Security

Security allows you to further define who has access to what in ICE. CSI recommends to set up security before configuring the Sitemap. There are four general steps in configuring security in ICE

  1. Create a new Security Group
  2. Create a new Security Permission (or Security Role)
  3. Associate a Security Permission to a Security Group
  4. Apply a Security Permission to a sitemap node

Tip: As a best practice, modify the existing security groups and permissions when possible to reduce the overall number of groups and permissions that must be managed. During initial installations, ensure that the Admin security group is set up. Do NOT delete the ICEAdmin security group.

Security Groups

A Security Group is a defined group of users established by a custom SQL statement. The query returns the list of iMIS ID values of the members in the Security Group.

Example using Committee position code:

Creating a new Security Group

Do the following to create a new security group:

  1. Select Add new record on top of the main grid.

  2. Enter the following information:

  3. Enter a unique Code for the Security Group. The Code cannot contain any spaces.
  4. Enter a Title.
  5. Enable One per Chapter if the SQL query returns a company/chapter ID value along with the user/member ID.
  6. Add the SQL Query to the Contact Statement field which should return two rows:
    • ID (the user/member ID)
    • Prefix (the company/chapter ID associated with the user/member ID)
  7. Click Validation to confirm the query is correct.

    8. Example: SELECT ID, CO_ID AS Prefix FROM Name WHERE MEMBER_TYPE='MEM'SELECT ID, "" AS Prefix FROM Name WHERE MEMBER_TYPE='NON'

  8. To edit or delete the group, use the available icons.

Security Permissions

A Security Permission (or Security Role) is a permission you can apply to any sitemap node to restrict access to the specified URL. Only users having the security permission will be allowed to navigate to the URL of the sitemap node. Security permissions define what actions the groups can do in ICE. Permissions normally include Manage, View, or Submit. You can create specific permissions to an action if needed.

Special Permissions

In order for a user to have access to ICE, they must have the Security permission that is applied to the "home page" of ICE, also known as the Dashboard or Task Center.
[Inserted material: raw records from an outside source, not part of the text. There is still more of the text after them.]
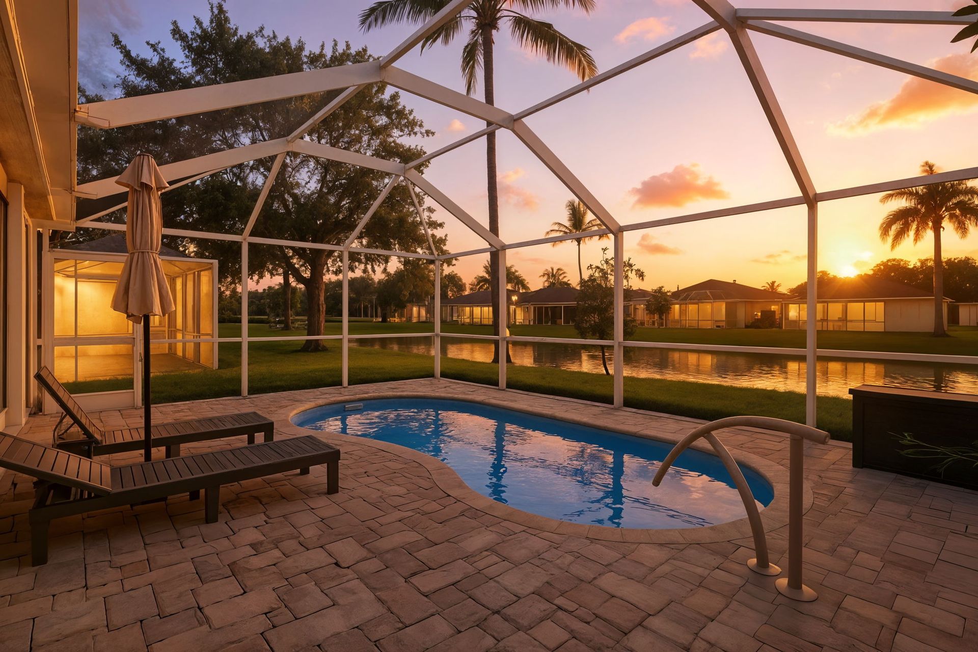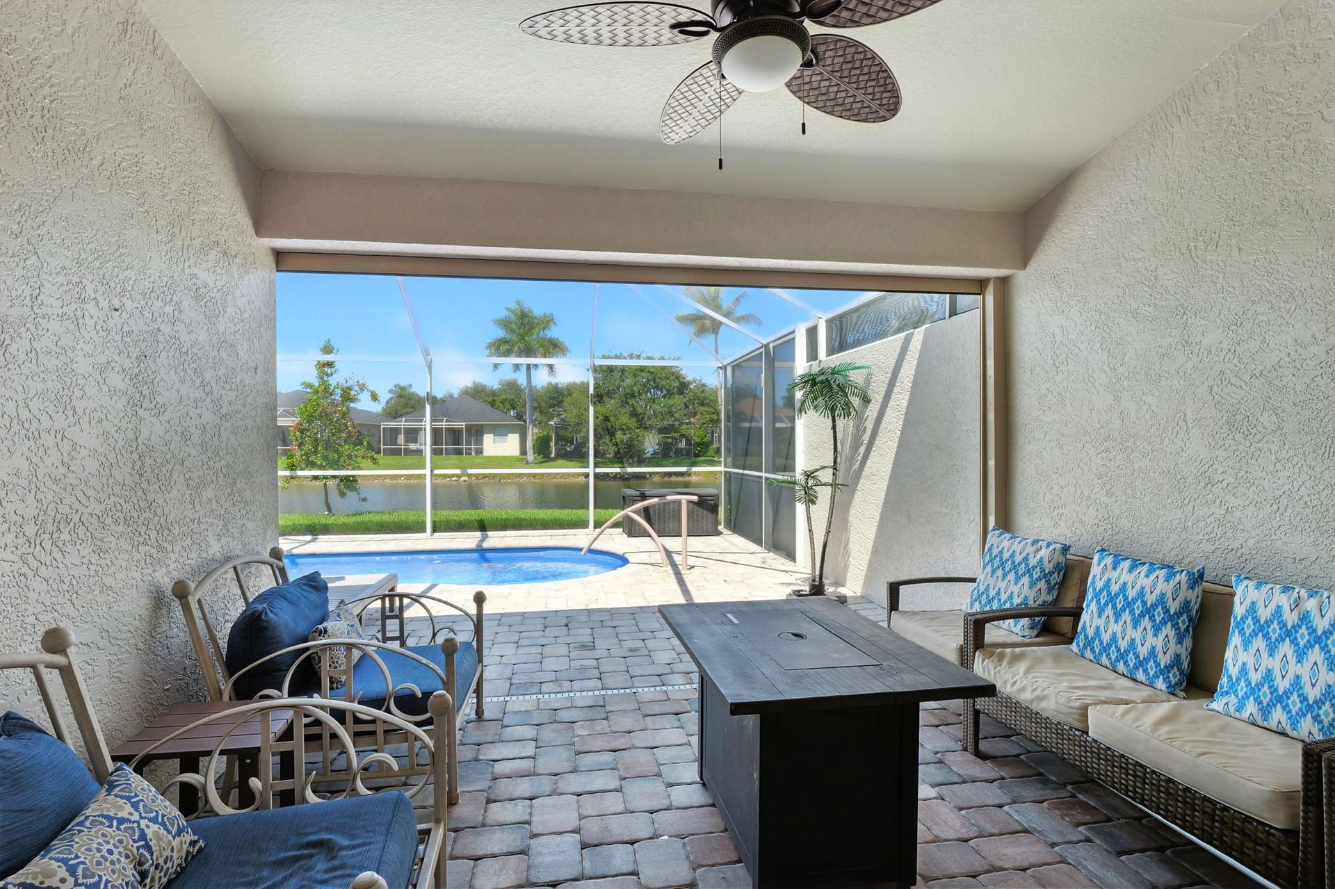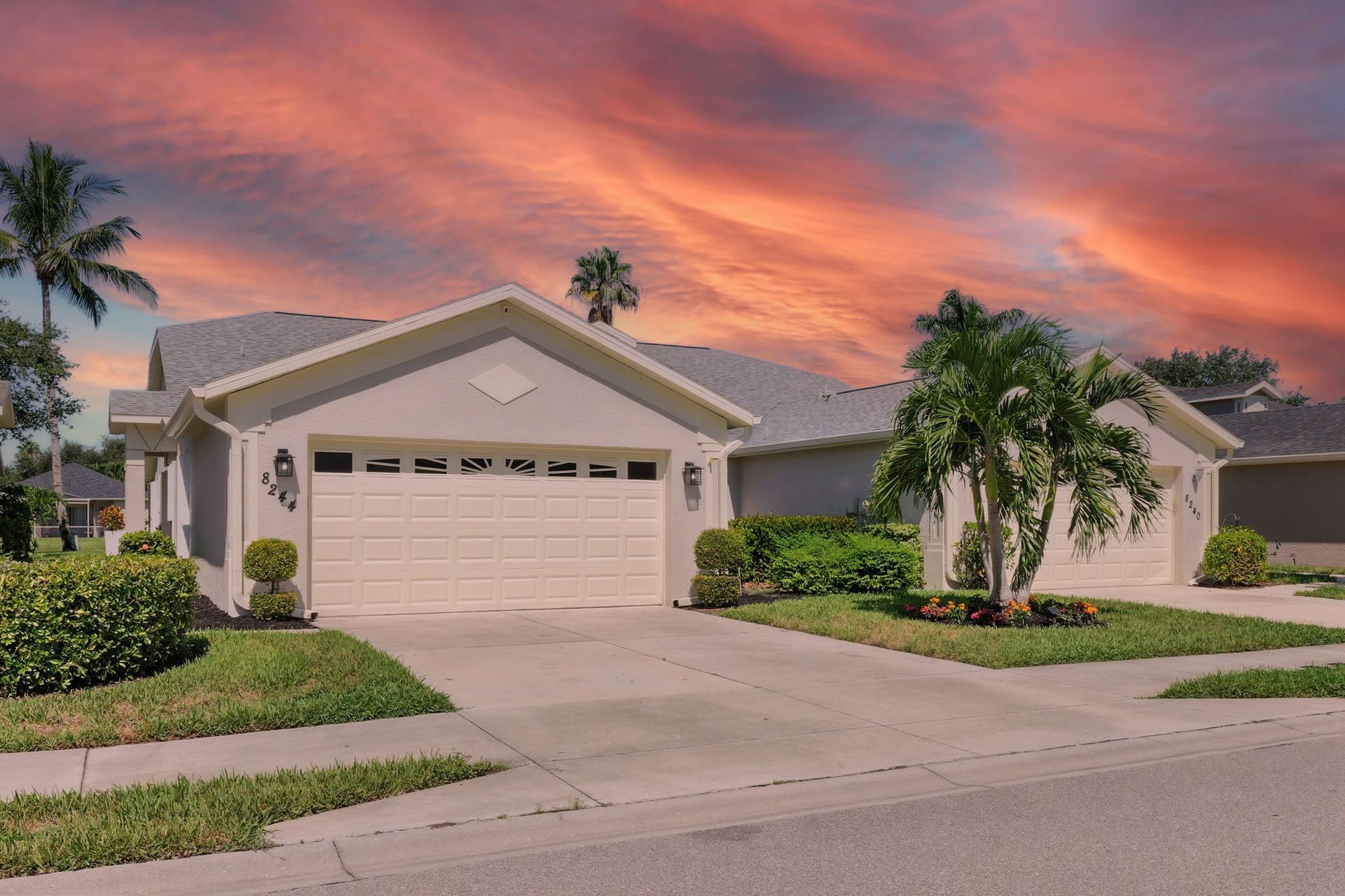 Presenting an exceptional pool home with water views located within the highly desirable gated community of Ibis Cove, Naples. This attached villa features a nearly new (2023) Latham Pool, complemented by a spacious patio with pavers and enclosed lanai. Enjoy tranquil lake views, serene fountains, and stunning sunsets. The kitchen includes newly installed quartz countertops, a custom wine bar, stainless steel appliances, a modern tile backsplash, and a pantry for ample storage. A split-bedroom floor plan offers three bedrooms, two bathrooms, and vaulted ceilings, enhancing comfort and privacy. The primary suite boasts a luxurious bathroom with custom tiling, a frameless shower featuring a rain shower head, double sinks, and dual walk-in closets. Additional upgrades include a newly advanced air conditioning system with a smart thermostat, as well as a two-car garage outfitted with air conditioning and a work bench. Hurricane shutters are installed throughout the residence, including a hurricane-rated electric lanai screen, ensuring peace of mind. Enjoy resort-style amenities, supported by low HOA fees. Amenities include a heated pool and spa, tennis, pickleball, a playground and spacious clubhouse. The property is conveniently situated minutes from top-rated A+ schools, world-class beaches, and provides easy access to I-75. Premier dining and shopping are nearby at Logan Landings and Founders Square.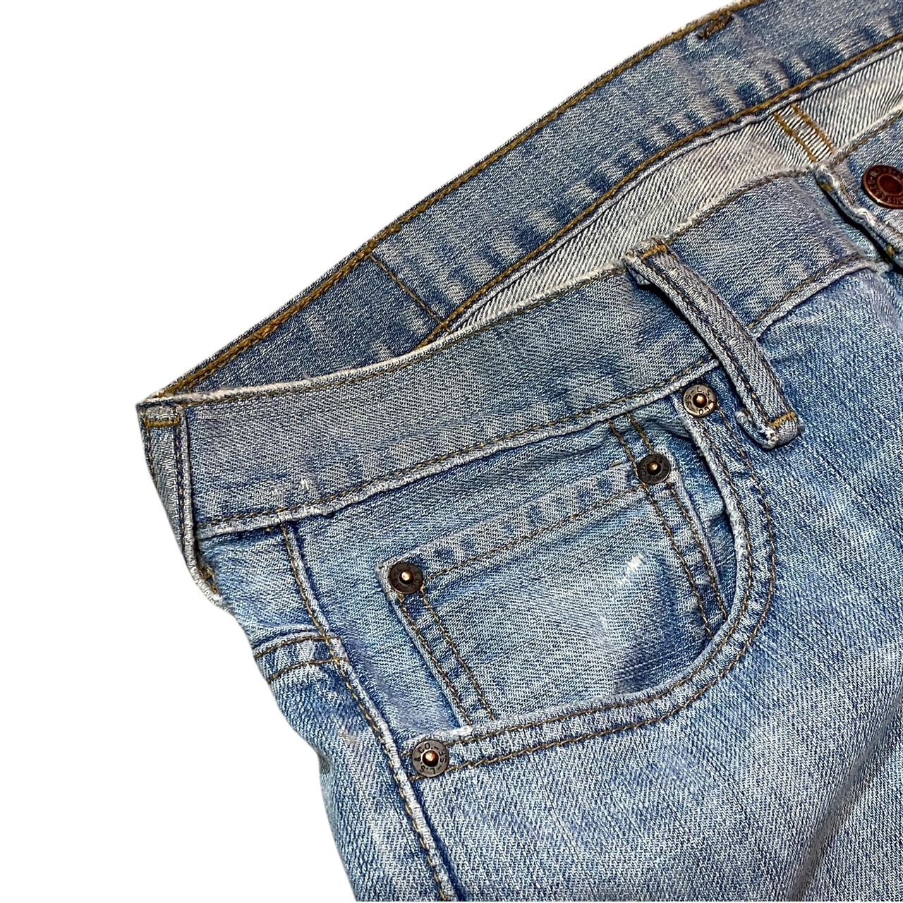 デニム特有の全体的な色落ちが見られます。
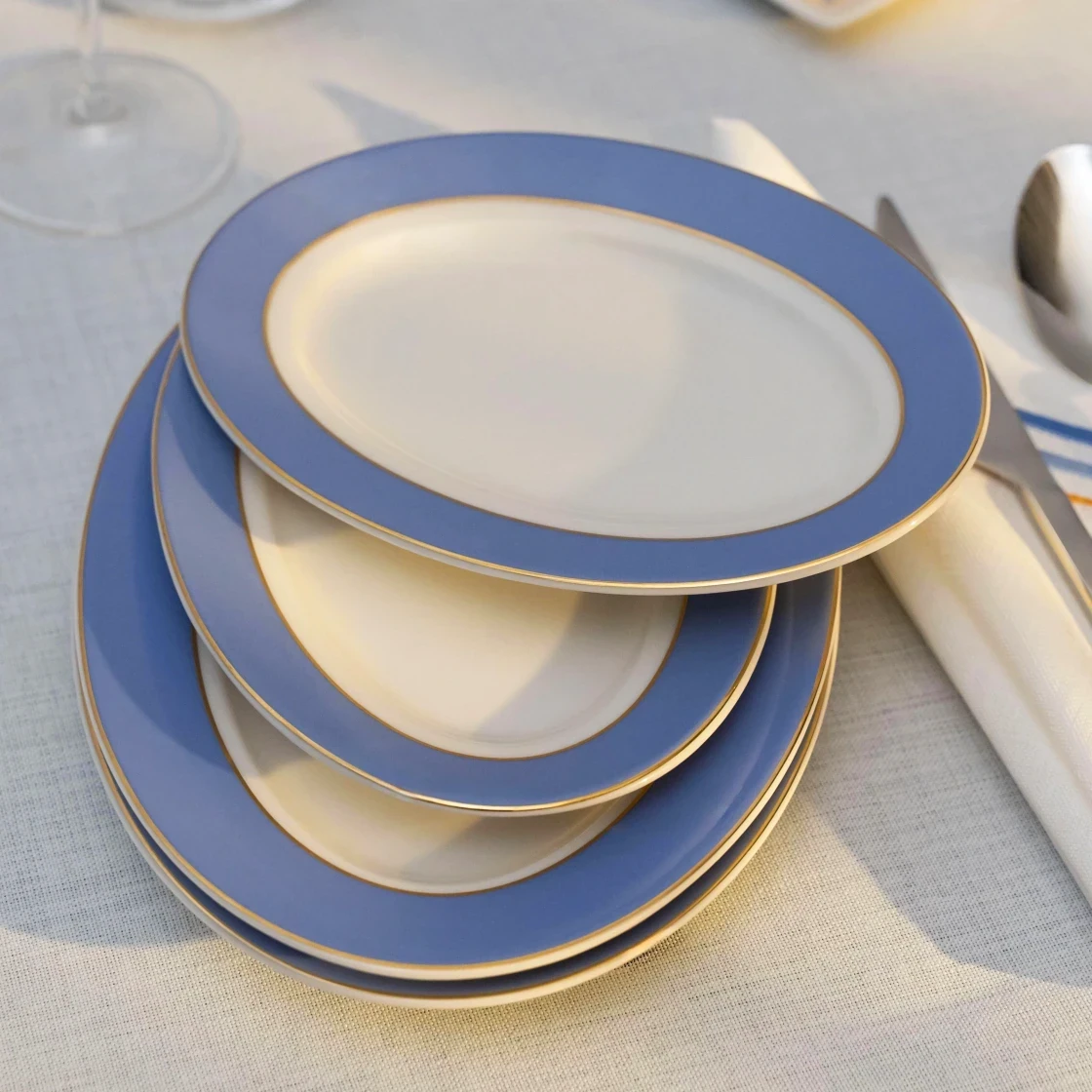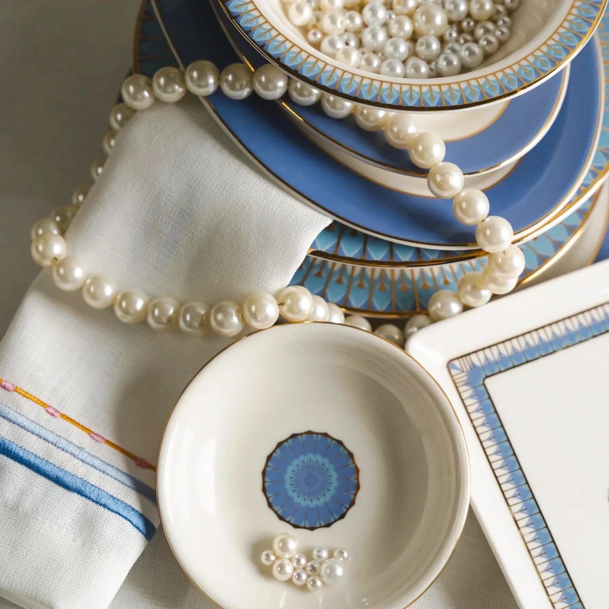 Giselle Mavi Gold koleksiyonu, zarif mavi tonları ve gold detaylarıyla sofralarınıza lüks ve şıklık katıyor. Estetik tasarımı ve kaliteli malzemesi sayesinde özel davetlerden günlük kullanıma kadar her sofraya zarafet ve sofistike bir hava kazandırıyor.

Normally the permission is ViewDashboard.

If a user needs access to any uploaded documents from workflow transactions or forms, they must have the ViewAttachments permission.

Creating a new Security Permission/Role

Do the following to create a new security permission/role:

  1. Select Add new record.

  2. Enter the following information:
    • Code - A unique code name for the security permission/role.
    • Title - Describes the security permission.
    • One per Chapter - Enable if the users from the group associated with this Security Permission will have access to only specific chapters.

  3. To edit or delete the security permission/role, use the available icons.

Group's Permissions

A Group Permission is the relationship that exists between a Security Permission and a Security Group. Each Security Group can have as many Security Permissions as desired.

Associating a Security Group with a Security Permission/Role

Do the following to associate a security group with a security permission/role:

  1. Click Add new group permission.

  2. Select the group you would like to add a permission for or edit permissions. Use Ctrl or Shift to select multiple permissions at once.
  3. Select the right arrow to add the permissions for the group.

  4. Select the left arrow to remove a permission from a group.

Applying Security Permissions

Do the following to configure the Security Permission for each sitemap node so users can access each page:

  1. Go to Sitemaps > Actions > Edit.
  2. Click on the Sitemap Node on the left side that you want to set permissions for.
  3. On the Properties tab on the right side, check the applicable security permission for the sitemap node to restrict access to only users with the permission. If multiple permissions are selected, the user will only be required to have one permission to access the menu item. Select the security visibility option as desired:
    • Disabled: If the user does not have the selected permission, the sitemap node will be inactive.
    • Hidden: If the user does not have the selected permission, the sitemap node will not appear.
    • No Access: If the user does not have the selected permission, the sitemap node will forward the user to the "No Access" page.
  4. Click Save Properties to validate the changes.

User's permissions

To identify an ICE user's access level, do the following:

  1. Go to Security > Tasks > View User Access.
  2. Enter the username or iMIS ID of the user. The results displayed are:
    • Security Groups the user belongs to
    • Group Permissions associated with each Security Group the user belongs to
    • An itemized list of Security Items that corresponds to the association between a Security Group and a Security Permission/Role

Tasks

When changes are made to security groups, permissions or to the sitemap permissions, the Update Security and Reset Person Security tasks should be executed. The following scripts are involved:

  • csi_sp_ICE_UpdateSecurity
  • csi_sp_ICE_UpdatePersonSecurity

Tasks > Login As

To log into ICE as another user to confirm access, do the following:

  1. Go to Security > Tasks > Login As.
  2. Enter username or iMIS ID. You will remain logged in as this user for as long as you maintain the session in your web browser.